The presentation of new hybrid compression techniques to optimize memory usage and speed of access in cloud database

Document Type : Original Article

Abstract
Enterprises and cloud service providers face dramatic increase in the amount of data stored in private
and public clouds. Thus, data storage costs are growing hastily because they use only one single high-
performance storage tier for storing all cloud data. There,s considerable potential to reduce cloud costs
by classifying data into active (hot) and inactive (cold). In the main-memory databases research,
recent work focus on approaches to identify hot/cold data.
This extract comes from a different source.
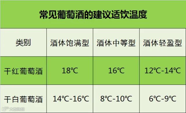 轻盈型:这类葡萄酒的酸度一般较高,温度过高会凸显酸度,影响口感,所以建议适饮温度为 6℃-9℃。

Most of these approaches track tuple
accesses to identify hot/cold tuples. In contrast, we introduce a novel LOAD DATA INFILE that
tracks both tuples and columns accesses in secondary storage databases. Our objective is to enhance
the performance in terms of three dimensions: storage space, query elapsed time and CPU usage. In
order to validate the effectiveness of our approach, we realized its concrete implementation on LOAD
DATA INFILE Approach (LDA) that reads rows from a text file into a table at a very high speed by
using the well-known qps and TPC-H benchmark. Experimental results show that the proposed LOAD
DATA approach outperforms prepare_data in respect of two performance dimensions. In specific,
LOAD DATA reduces the storage space by average of 14-62% and reduces the query elapsed time by
average of 280-440 times compared to the traditional database approach.